Метавшаяся до этого по топке саламандра замерла и уставилась на нас пронзительными глазёнками. Потом пыхнула во все стороны струйками пламени и переместилась к самому оконцу, с интересом разглядывая меня.
— Улыбается, — потрясенно прошептал Далин.
— Ага, — авторитетно подтвердил Кирюшка, — довольная. Злое прогнали-наказали-обожгли. Лариска сильная и никого не боится. Она мой друг!
Я осторожно коснулся забинтованной рукой прозрачной дверцы, а саламандра тут же прижала к стеклу с той стороны свою лапку. Удивленно вытаращившись на нее, я почувствовал, как теплая исцеляющая волна прошла из моей руки по всему телу, изгоняя всю погань, которой я этой ночью нахватался.
— Она хочет, — внимательно подобрался домовёнок, глядя сквозь стекло на попискивающую Лариску, — чтобы ты, Далин, ее в тигель посадил.
— А зачем? — уточнил гном и тут же полез доставать требуемое.
— Она хочет, — продолжил вдохновенно толмачить Кирюшка, — злое напугать до смерти. Надо ее к заколоченной двери отнести, она ругаться будет.
— Дело хорошее, — согласился Далин, зажав тигель клещами и поднося его к открытой мною дверце в обиталище саламандры. — Только дирижабль нам пожалуйста не сожгите.
Лариска юркой змейкой прошмыгнула в свой переносной дом, и Кирюшка тут же накрыл его крышкой.
— Молоток, — похвалил его Далин. — Соображаешь и вовремя помогаешь, ценю.
Домовёнок довольно заулыбался и дунул в коридор первым. В присутствии Лариски он, похоже, вообще ничего не боялся. Далин заставил меня взять огнетушитель, а Антошку асбестовую плиту, предназначенную как раз для таких случаев. Дружной карательной командой мы вышли на борьбу со злом в коридор, где уже вертелся Кирюшка. Приплясывая у законопаченной двери, он сурово грозил пальчиком неведомому лиху, что-то сердито попискивая и гневно топая ножкой. Антоша осторожно отодвинул не на шутку разбушевавшегося трюмного, установив плиту прямо перед дверью в каюту, и отскочил в сторону, прихватив с собой Кирюху. Далин, удерживая на прямых руках клещи и покраснев от натуги, поставил тигель и, поколебавшись чутка, снял крышку.
Лариска высунулась из огнеупорной емкости наполовину и внимательно нас оглядела, поблескивая глазами-бусинками. Вот теперь и я готов был поклясться, что она улыбалась, причем ободряюще. Нихрена она, похоже, не боялась и была уверена в своей силе на сто процентов. А уж Кирюха глядел на нее просто влюбленно.

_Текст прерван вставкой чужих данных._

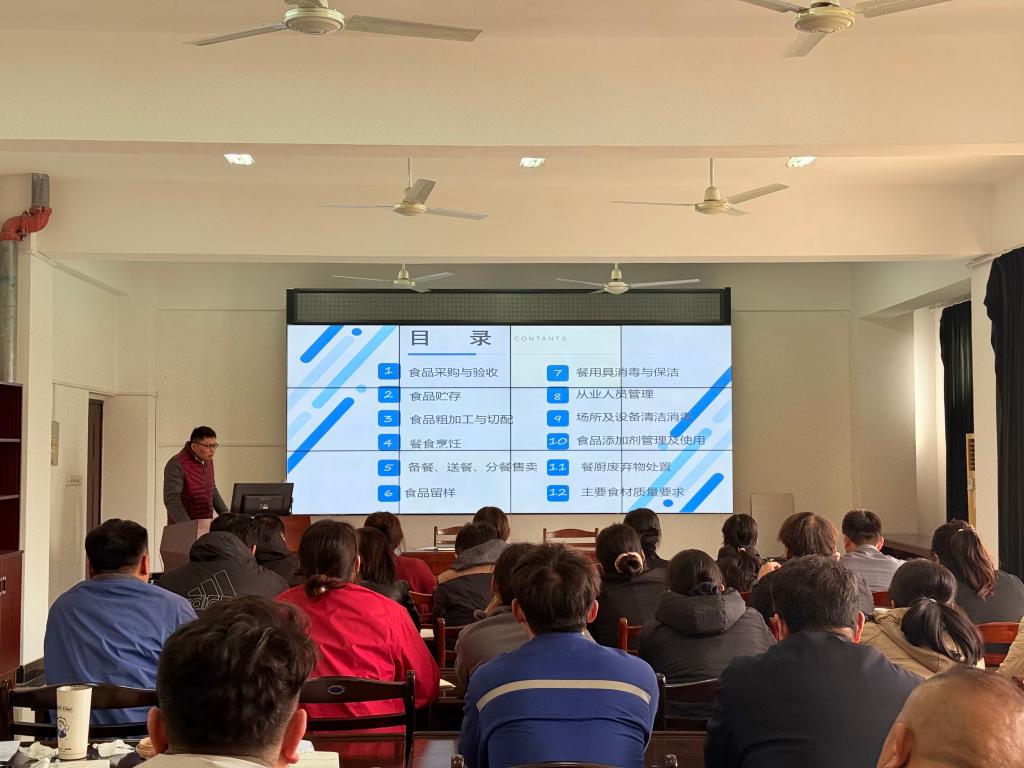 为落实年度培训计划,提高食堂从业人员专业理论,3月26日下午,饮食管理服务中心召开学生食堂食品安全培训会。饮食管理服务中心及各食堂食品安全总监、食品安全员、仓库管理员参加会议。饮食管理服务中心负责人包军主持会议。

Саламандра отвлеклась он нас и перевела взгляд на дверь, сменив свою ауру пламени на пронзительно алую. Далин охнул и метнулся за вторым огнетушителем. Неведомая пакость за дверью вздрогнула и, я опять готов был поклясться, съежилась в ожидании наказания. Лариска неотрывно пялилась в одну точку, наливаясь злобой, но черная тень за дверью не очень-то ей и уступала.
— Чувствуете? — тихонько спросил я у остальных, показывая огнетушителем на дверь, — наша давит, но пока без большого результата. Но немного напугали, это да.
— Вообще нихрена, — удивился гном, переведя взгляд с меня на Антошу, который тоже недоумевающе пожал плечами. — А ты-то с чего такой чувствительный стал? Стоим тут, как три идиота, дурака валяем.
— Артем правду говорит! — вступился за меня Кирюша. — Лариска рассматривает злое-плохое-нехорошее, а оно ее. Но еще не ругались, принюхиваются.
— Мля, — в сердцах выругался Далин. — Антоша, дуй в грузовой отсек, там есть большой огнетушитель, на колесиках. Сюда тащи, да поживее.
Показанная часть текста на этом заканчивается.